• **Input for this task**
######

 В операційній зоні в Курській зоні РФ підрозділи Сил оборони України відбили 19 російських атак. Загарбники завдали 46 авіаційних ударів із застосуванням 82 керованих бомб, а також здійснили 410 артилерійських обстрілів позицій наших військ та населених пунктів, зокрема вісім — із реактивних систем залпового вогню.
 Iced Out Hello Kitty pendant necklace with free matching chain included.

######

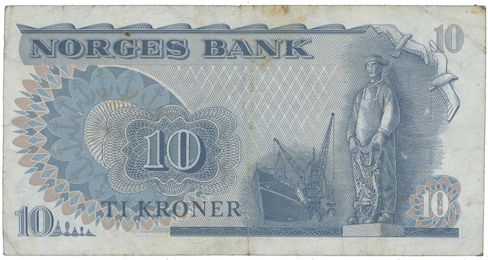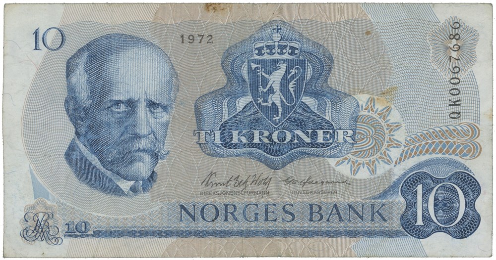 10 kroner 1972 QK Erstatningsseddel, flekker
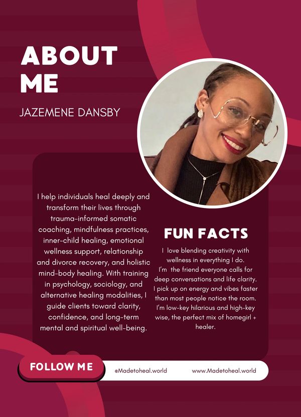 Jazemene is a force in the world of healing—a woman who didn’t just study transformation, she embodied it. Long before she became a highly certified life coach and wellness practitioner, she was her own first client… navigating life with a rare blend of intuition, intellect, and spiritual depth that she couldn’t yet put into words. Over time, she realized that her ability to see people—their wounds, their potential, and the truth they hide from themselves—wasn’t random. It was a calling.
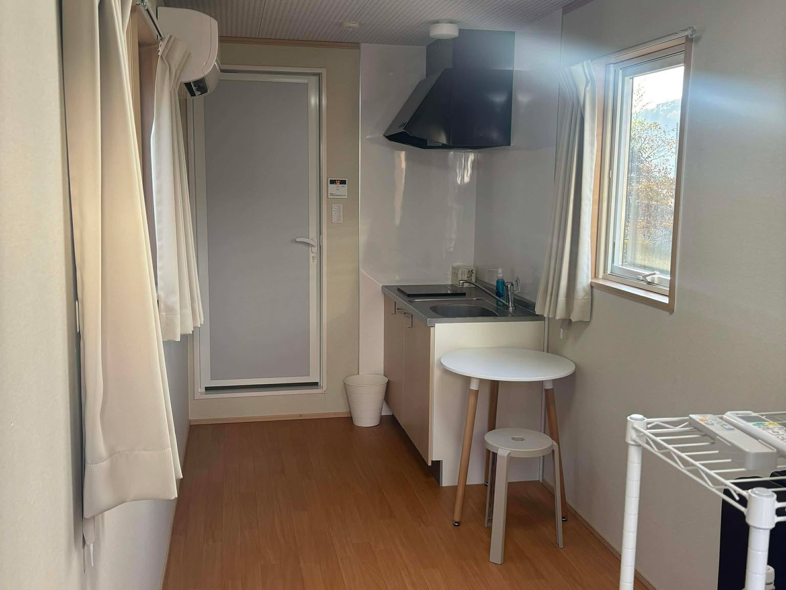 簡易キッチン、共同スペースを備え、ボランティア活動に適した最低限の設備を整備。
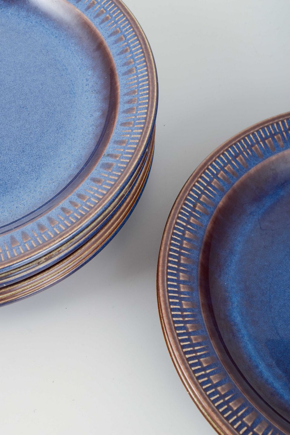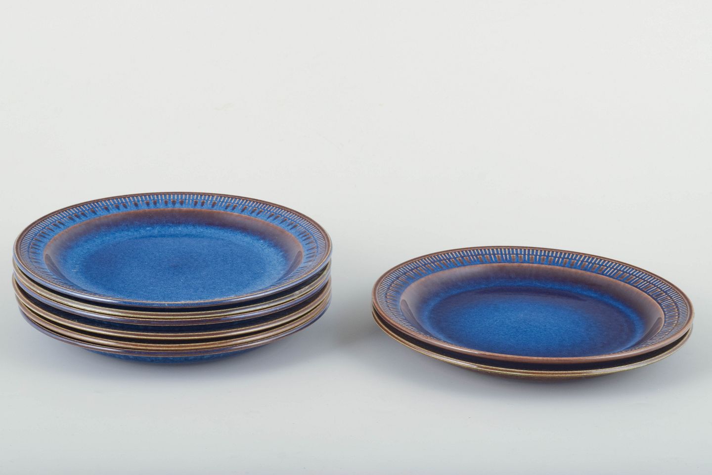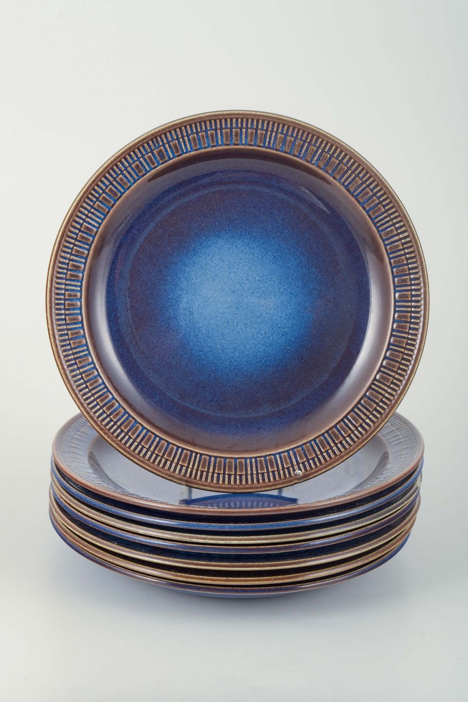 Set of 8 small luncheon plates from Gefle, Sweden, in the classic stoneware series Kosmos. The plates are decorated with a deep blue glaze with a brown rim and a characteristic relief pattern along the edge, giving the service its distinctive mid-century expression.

######

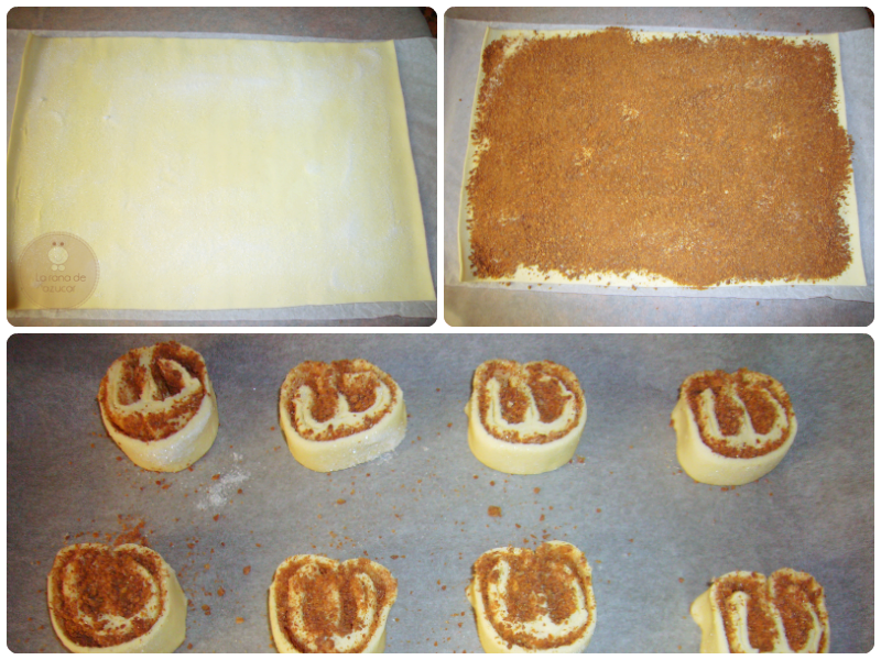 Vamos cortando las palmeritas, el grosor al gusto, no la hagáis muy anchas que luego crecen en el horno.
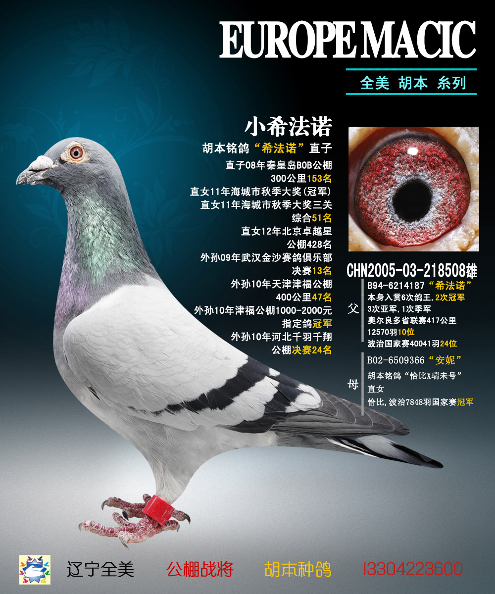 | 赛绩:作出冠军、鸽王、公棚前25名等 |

######

Set down, unchanged, only those lines above that fall between the line with "В операційній зоні" and the line with "Iced Out Hello", the two end lines included.

 В операційній зоні в Курській зоні РФ підрозділи Сил оборони України відбили 19 російських атак. Загарбники завдали 46 авіаційних ударів із застосуванням 82 керованих бомб, а також здійснили 410 артилерійських обстрілів позицій наших військ та населених пунктів, зокрема вісім — із реактивних систем залпового вогню.
 Iced Out Hello Kitty pendant necklace with free matching chain included.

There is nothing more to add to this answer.